HOW TO COMPLETE THIS TASK: Reproduce the entries below exactly, but only from the line containing "Trade Card for" to the line containing "INDONESIAUPDATE.ID – PDAM", inclusive.

PROVIDED RECORDS:
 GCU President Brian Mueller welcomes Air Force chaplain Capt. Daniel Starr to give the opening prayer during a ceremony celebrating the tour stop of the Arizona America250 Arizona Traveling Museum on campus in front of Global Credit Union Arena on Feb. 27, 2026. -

---

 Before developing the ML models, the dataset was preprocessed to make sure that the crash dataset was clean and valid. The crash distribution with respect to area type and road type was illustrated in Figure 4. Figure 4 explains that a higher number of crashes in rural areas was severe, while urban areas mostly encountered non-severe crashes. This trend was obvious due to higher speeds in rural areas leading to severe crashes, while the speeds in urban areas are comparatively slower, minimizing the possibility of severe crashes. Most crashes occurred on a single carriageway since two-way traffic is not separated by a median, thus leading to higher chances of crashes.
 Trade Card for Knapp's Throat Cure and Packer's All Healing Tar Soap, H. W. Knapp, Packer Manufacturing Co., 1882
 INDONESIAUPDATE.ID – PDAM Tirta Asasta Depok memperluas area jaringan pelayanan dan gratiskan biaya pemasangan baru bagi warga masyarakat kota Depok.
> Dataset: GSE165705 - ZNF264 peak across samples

RESULT OF THIS TASK:
 Trade Card for Knapp's Throat Cure and Packer's All Healing Tar Soap, H. W. Knapp, Packer Manufacturing Co., 1882
 INDONESIAUPDATE.ID – PDAM Tirta Asasta Depok memperluas area jaringan pelayanan dan gratiskan biaya pemasangan baru bagi warga masyarakat kota Depok.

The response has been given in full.